2 The trial court seemed uncertain about how to deal with the questions of (1) D-T's contractual duty to QT, and (2) D-T's previous involvement in the case as a third-party defendant who was dismissed before trial. The court attempted to avoid error by not allowing the jury to hear D-T's history in the litigation and why it was no longer in the case. It did, however, allow testimony and argument to the jury by both parties regarding D-T's duty to remove debris from the site, but it refused to allow ASI to introduce the D-T contract or its specific provision which neither party disputed established D-T's responsibility to remove debris from the site.

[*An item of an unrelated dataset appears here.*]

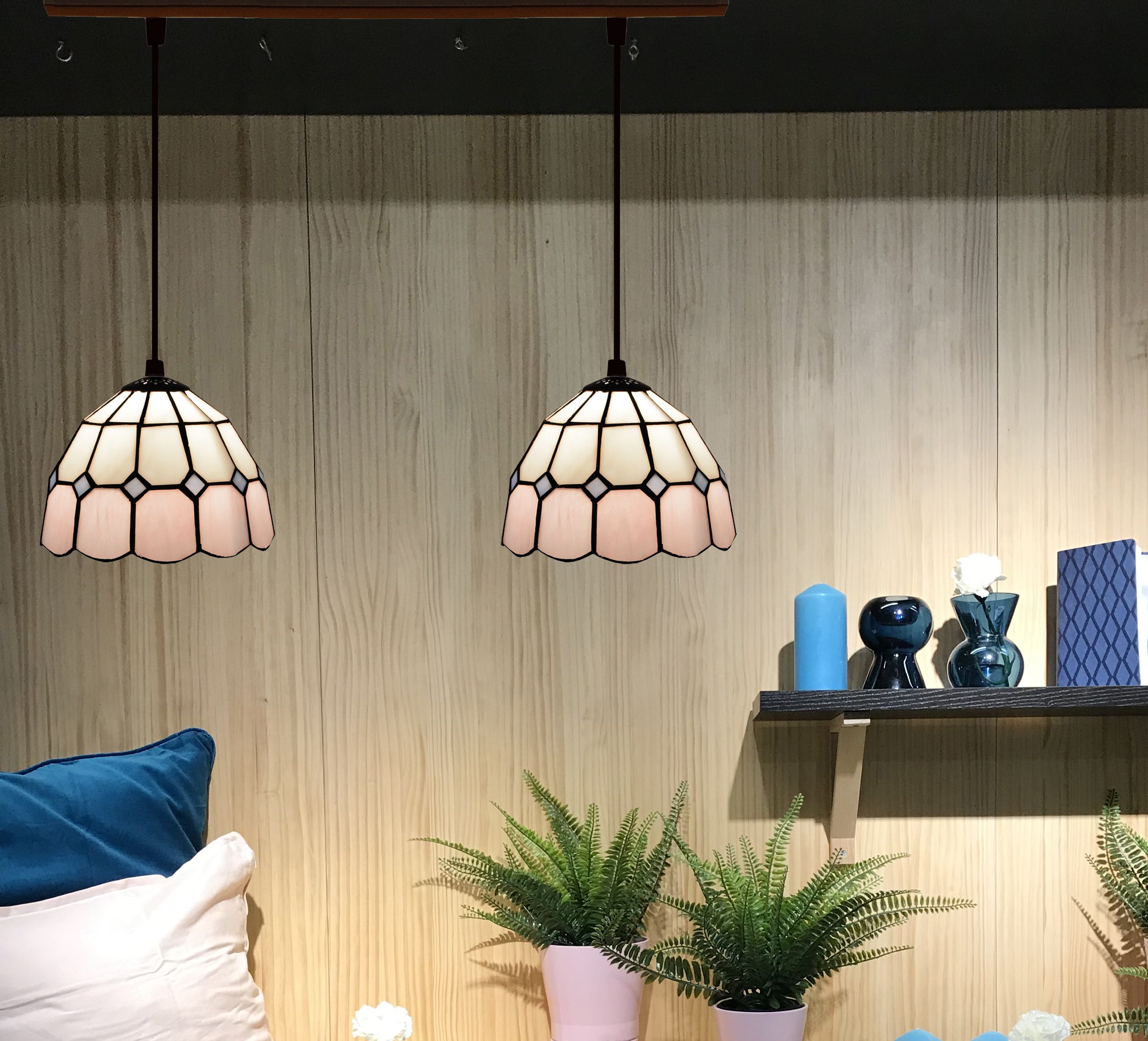 d.20cm x2 Lámpara regleta con 2 pantallas Tiffany Serie Pink

The trial court found that the D-T contract was "extrinsic evidence" being offered to interpret ASI's contract and sustained QT's objection to its admission. There is nothing vague or uncertain, and thus needing "interpretation," about the debris responsibilities of ASI and D-T as stated in their respective contracts. Rodney Loyd, QT's Director of Real Estate, testified on direct examination that he was not contending that it was ASI's responsibility "to remove the rubble from the ground." Tr., p. 279. As ASI's counsel argued to the trial court in urging the admission of D-T's contract with QT: "The jury needs to be told whose responsibility was whose. We have our contract that defines our responsibilities and they're trying to blame somebody else's responsibility onto my client. I am able to defend myself by saying you had an agreement with another contractor to do the very thing you're blaming us for." Although the trial court incorrectly found D-T's contract to be "extrinsic evidence," the error in excluding this document favors QT and does not mandate reversal.

3 See n.1 supra.

4 It is not clear what "causation" the trial court is referring to. In earlier colloquy with counsel, the trial court indicated that causation of the fire was not an issue in the case. However, although negligence as a cause of QT's damages was not an issue for the jury's consideration, the question of "causation," i.e., whether QT's damages were "a direct result" of ASI's alleged breach of contract, was clearly an issue for the jury to decide if it found ASI in breach of its contractual duties to QT. Trial court's Instruction No. 10 to the jury, R. at p. 230 (based on Oklahoma Uniform Civil Jury Instruction Number 23.1).